**Exercise details**
Without including any pictures, write out the listing below exactly.

::: Information given

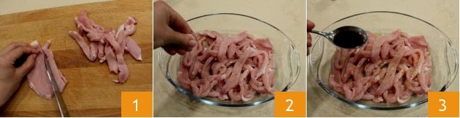 Pour préparer les tortillas avec porc épicé et guacamole au yaourt, commencez par mariner la viande : coupez les tranches de porc en lanières 1 puis mettez-les dans un saladier et ajoutez le sel 2, le poivre, la sauce Worcestershire 3,
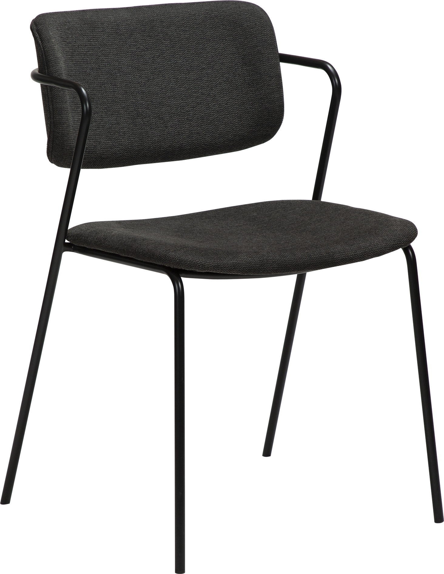 Karmstol med smala metallben som sträcker sig in i elegant vinklade armstöd och fortsätter bakom ryggen som gör att den nästan ser flytande ut. I kombination med ett högkvalitativt möbeltyg får stolen ett modernt utseende med strikta linjer som passar alla miljöer. Stolen är designad av Steffensen & Würtz för danska varumärket Dan-Form.
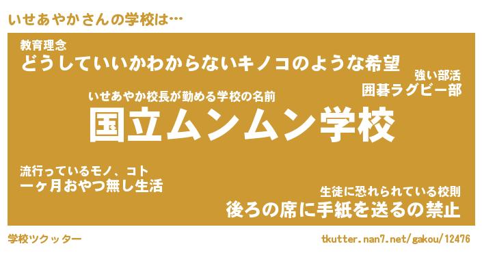 | 男性向けラノベタイトル風あだ名 | 『いせあやかの憂鬱』 |
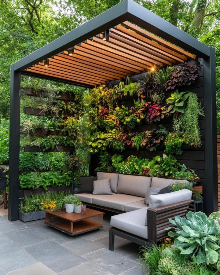 Turn your pergola into a green wall! Attach vertical planters to the sides and fill them with herbs, flowers, or trailing vines. It’s a stunning, space-saving way to bring nature closer.
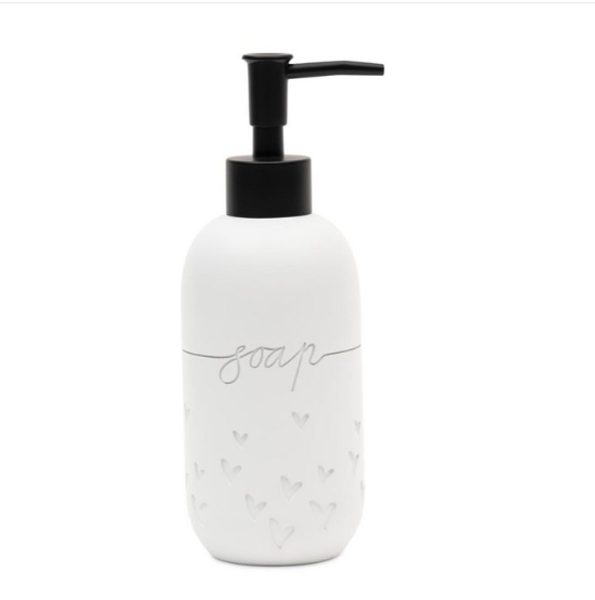 Der Lovely Heart Seifenspender ist ein weißer Seifenspender mit schwarzen Details und einer besonderen Dekoration.
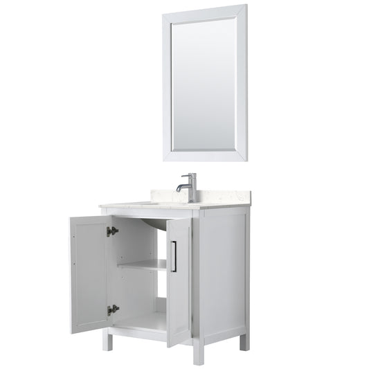 Daria 30" Single Vanity in White, Carrara Cultured Marble Top, Sink, 24" Mirror
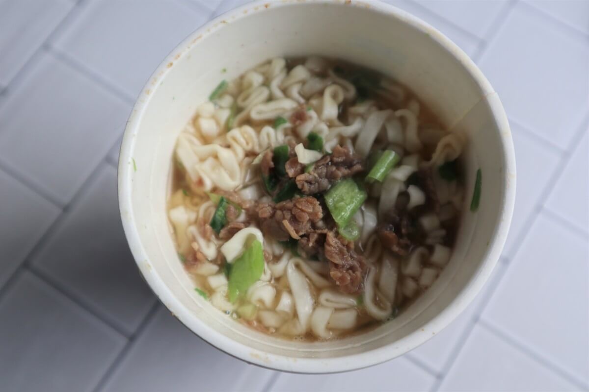 うどんは柔らくコシはありませんが、いわゆるカップうどんという感じで時々こういうの食べたくなるよね~という感じ。
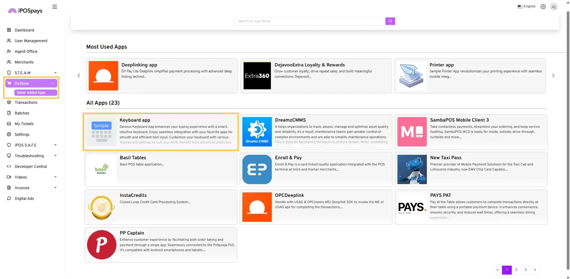 DVStore is a marketplace application designed to centralize and streamline payment applications for ISOs, ISVs, and merchants. It allows users to access, install, and manage multiple payment-related applications directly from their Dejavoo payment terminals.
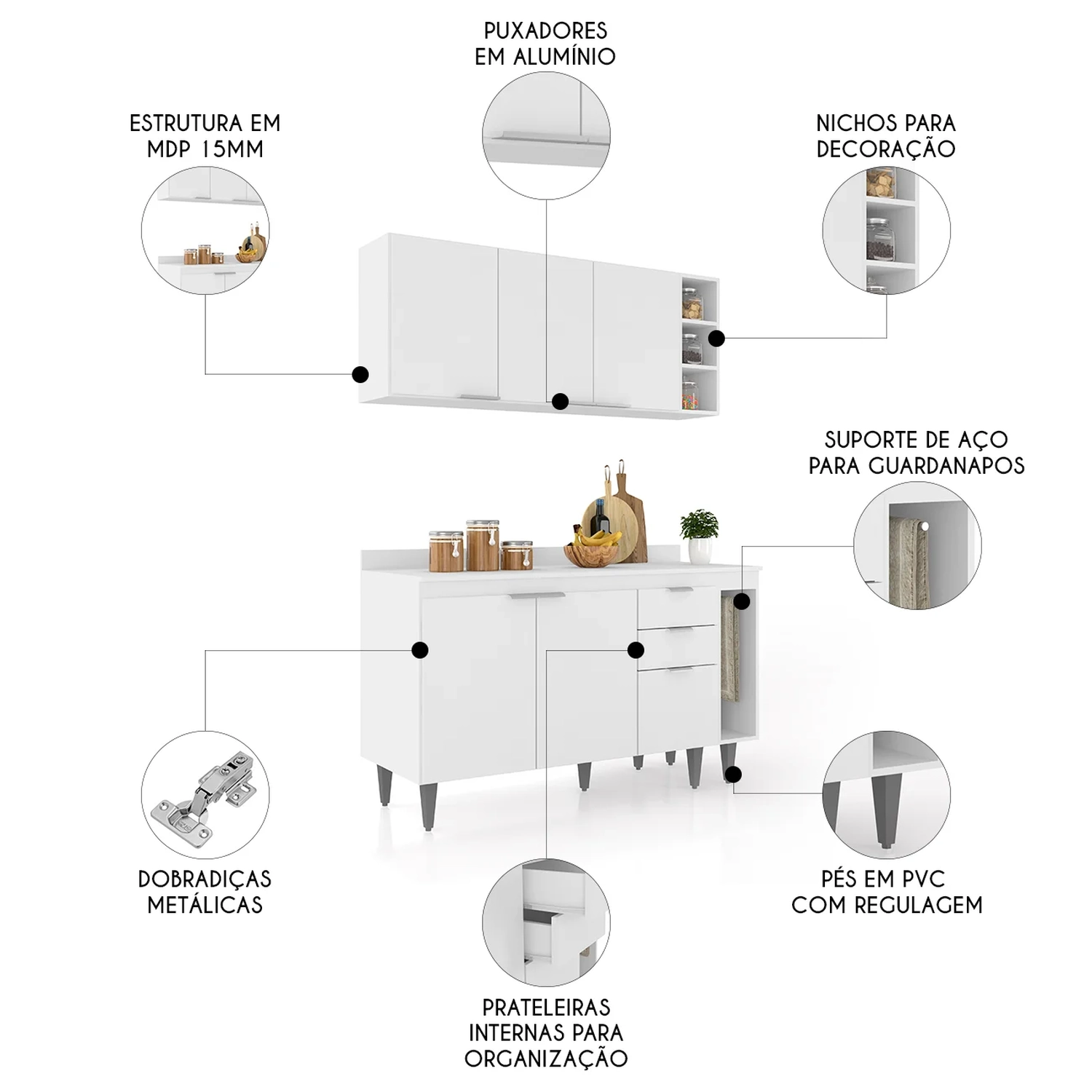 O Armário Aéreo vem com três portas e uma prateleira interna, oferecendo praticidade e estilo na organização dos seus utensílios. O Balcão Para Pia dispõe de três portas e duas gavetas, além de uma prateleira interna, que proporciona amplo espaço de armazenamento. Já o Balcão Porta Pano traz um suporte de aço para guardanapos, enquanto o nicho adega conta com três repartições. Todos os móveis possuem estrutura em MDP 15mm, com acabamento em BP, puxadores em alumínio, dobradiças e corrediças metálicas, que garantem máxima resistência no uso diário. O tampo serve como apoio para eletrodomésticos ou no preparo dos alimentos, e o rodatampo que é um excelente acabamento entre o balcão e a parede. Os pés em PVC, são reguláveis, permitindo ajustar pequenos desníveis de piso. Este Armário de Cozinha é a solução ideal para otimizar sua casa, combinando materiais de alta qualidade com um design sofisticado.
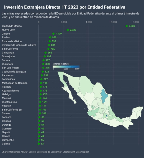 The initial quarter of 2023 saw specific states in Mexico emerge as focal points for FDI:
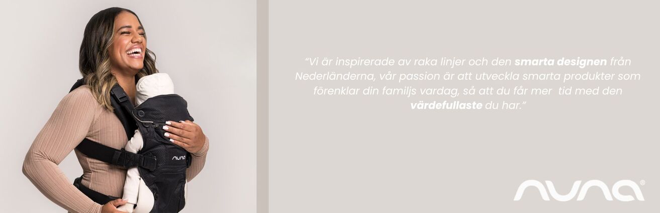 Nunas exklusiva sortiment av barnvagnar, bilbarnstolar och babytillbehör som är särskilt utformade för den moderna familjen. Nuna är ett av de kändare varumärkena i världen och strävar efter att erbjuda innovativa och bekväma lösningar för föräldrar som vill upptäcka världen med sina små. Populära produkter från varumärket är bland annat Nuna stroller Demi Grow, Nuna Demi Next och Nunas babyskydd Pipa eller Urbn (babyskydd och bilbarnstolar).
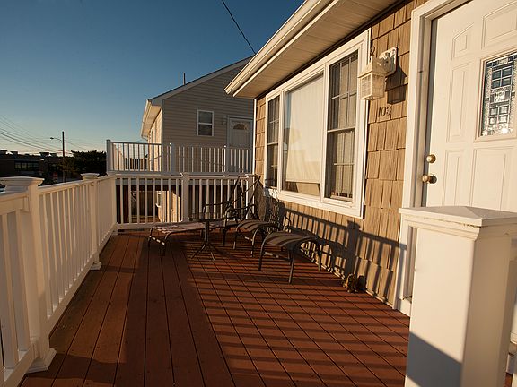 Amazing move in ready Brigantine Gem! This wonderful home is just 2 short blocks from the beach. 2 spacious bedrooms and one bright updated bathroom. Your open floor plan living room leads to your large kitchen with bar stool seating. Your full laundry room is located right off the kitchen and includes a spacious storage closet. Step outside to 2 entertainment areas. The front porch is a perfect spot to viewing the sunset and relax. The back deck leads to your large white vinyl fenced backyard with storage shed and patio. Plenty of private as well as street parking. This home also has been recently raised. So feel secure and enjoy lower insurance billing with this well constructed home! A wonderful location close to the local school and steps away from the most beautiful beach around! Don't delay make a showing to view this home today!
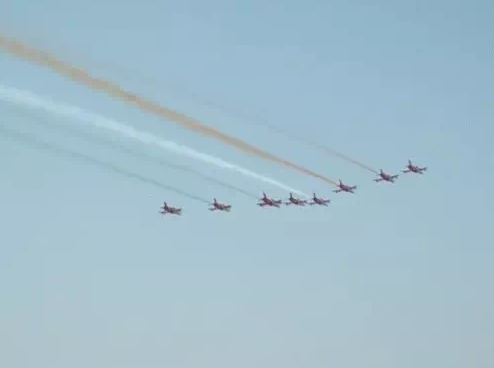 - सूर्यकिरण एरोबेटिक टीम ने आसमान में अद्भुत करतब दिखाकर सम्मान जताया।
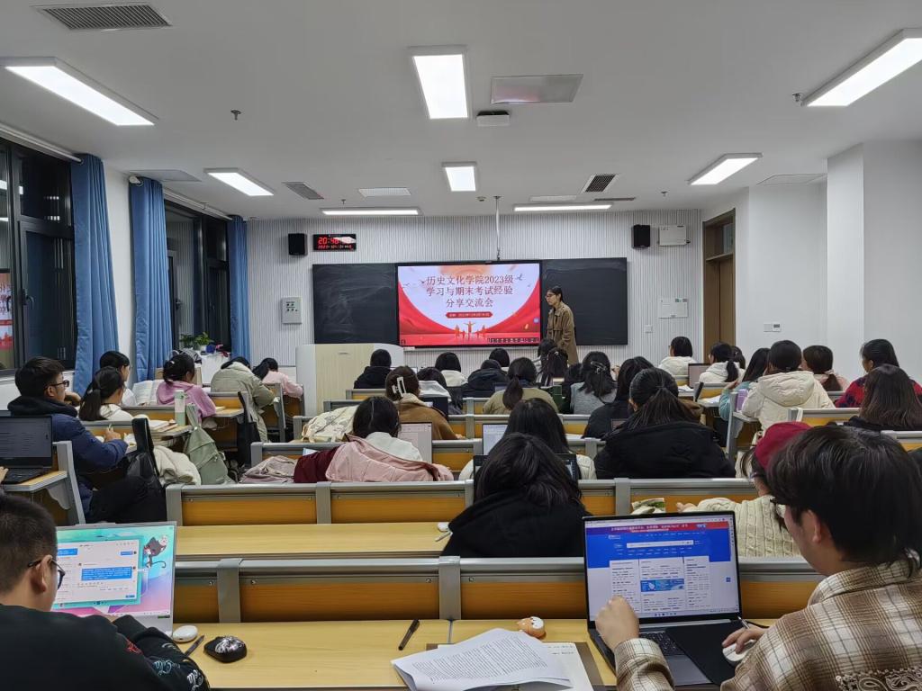 会上,徐文丽结合自身的学习和考试经历,归纳了课程学习、史料阅读、资料整理、期末复习等方面的方法和经验,并针对专业课和公共课考试的备考经验和答题技巧等提出具体建议,同时,徐文丽还总结了整理知识框架、关键词记忆法、阅读文献等系列学习方法,建议同学们注重基础知识的巩固和复习,以良好的心态迎接期末考试。在现场答疑环节中,2023级同学根据自身问题进行提问,徐文丽根据同学们提出的问题进行耐心详细地解答,并预祝同学们取得优异的成绩。交流会最后,2023级辅导员夏金金老师鼓励同学们向优秀的榜样学习和看齐,预祝同学们取得优异的成绩。

::::::

**Result for this task**
 Pour préparer les tortillas avec porc épicé et guacamole au yaourt, commencez par mariner la viande : coupez les tranches de porc en lanières 1 puis mettez-les dans un saladier et ajoutez le sel 2, le poivre, la sauce Worcestershire 3,
 Karmstol med smala metallben som sträcker sig in i elegant vinklade armstöd och fortsätter bakom ryggen som gör att den nästan ser flytande ut. I kombination med ett högkvalitativt möbeltyg får stolen ett modernt utseende med strikta linjer som passar alla miljöer. Stolen är designad av Steffensen & Würtz för danska varumärket Dan-Form.
 | 男性向けラノベタイトル風あだ名 | 『いせあやかの憂鬱』 |
 Turn your pergola into a green wall! Attach vertical planters to the sides and fill them with herbs, flowers, or trailing vines. It’s a stunning, space-saving way to bring nature closer.
 Der Lovely Heart Seifenspender ist ein weißer Seifenspender mit schwarzen Details und einer besonderen Dekoration.
 Daria 30" Single Vanity in White, Carrara Cultured Marble Top, Sink, 24" Mirror
 うどんは柔らくコシはありませんが、いわゆるカップうどんという感じで時々こういうの食べたくなるよね~という感じ。
 DVStore is a marketplace application designed to centralize and streamline payment applications for ISOs, ISVs, and merchants. It allows users to access, install, and manage multiple payment-related applications directly from their Dejavoo payment terminals.
 O Armário Aéreo vem com três portas e uma prateleira interna, oferecendo praticidade e estilo na organização dos seus utensílios. O Balcão Para Pia dispõe de três portas e duas gavetas, além de uma prateleira interna, que proporciona amplo espaço de armazenamento. Já o Balcão Porta Pano traz um suporte de aço para guardanapos, enquanto o nicho adega conta com três repartições. Todos os móveis possuem estrutura em MDP 15mm, com acabamento em BP, puxadores em alumínio, dobradiças e corrediças metálicas, que garantem máxima resistência no uso diário. O tampo serve como apoio para eletrodomésticos ou no preparo dos alimentos, e o rodatampo que é um excelente acabamento entre o balcão e a parede. Os pés em PVC, são reguláveis, permitindo ajustar pequenos desníveis de piso. Este Armário de Cozinha é a solução ideal para otimizar sua casa, combinando materiais de alta qualidade com um design sofisticado.
 The initial quarter of 2023 saw specific states in Mexico emerge as focal points for FDI:
 Nunas exklusiva sortiment av barnvagnar, bilbarnstolar och babytillbehör som är särskilt utformade för den moderna familjen. Nuna är ett av de kändare varumärkena i världen och strävar efter att erbjuda innovativa och bekväma lösningar för föräldrar som vill upptäcka världen med sina små. Populära produkter från varumärket är bland annat Nuna stroller Demi Grow, Nuna Demi Next och Nunas babyskydd Pipa eller Urbn (babyskydd och bilbarnstolar).
 Amazing move in ready Brigantine Gem! This wonderful home is just 2 short blocks from the beach. 2 spacious bedrooms and one bright updated bathroom. Your open floor plan living room leads to your large kitchen with bar stool seating. Your full laundry room is located right off the kitchen and includes a spacious storage closet. Step outside to 2 entertainment areas. The front porch is a perfect spot to viewing the sunset and relax. The back deck leads to your large white vinyl fenced backyard with storage shed and patio. Plenty of private as well as street parking. This home also has been recently raised. So feel secure and enjoy lower insurance billing with this well constructed home! A wonderful location close to the local school and steps away from the most beautiful beach around! Don't delay make a showing to view this home today!
 - सूर्यकिरण एरोबेटिक टीम ने आसमान में अद्भुत करतब दिखाकर सम्मान जताया।
 会上,徐文丽结合自身的学习和考试经历,归纳了课程学习、史料阅读、资料整理、期末复习等方面的方法和经验,并针对专业课和公共课考试的备考经验和答题技巧等提出具体建议,同时,徐文丽还总结了整理知识框架、关键词记忆法、阅读文献等系列学习方法,建议同学们注重基础知识的巩固和复习,以良好的心态迎接期末考试。在现场答疑环节中,2023级同学根据自身问题进行提问,徐文丽根据同学们提出的问题进行耐心详细地解答,并预祝同学们取得优异的成绩。交流会最后,2023级辅导员夏金金老师鼓励同学们向优秀的榜样学习和看齐,预祝同学们取得优异的成绩。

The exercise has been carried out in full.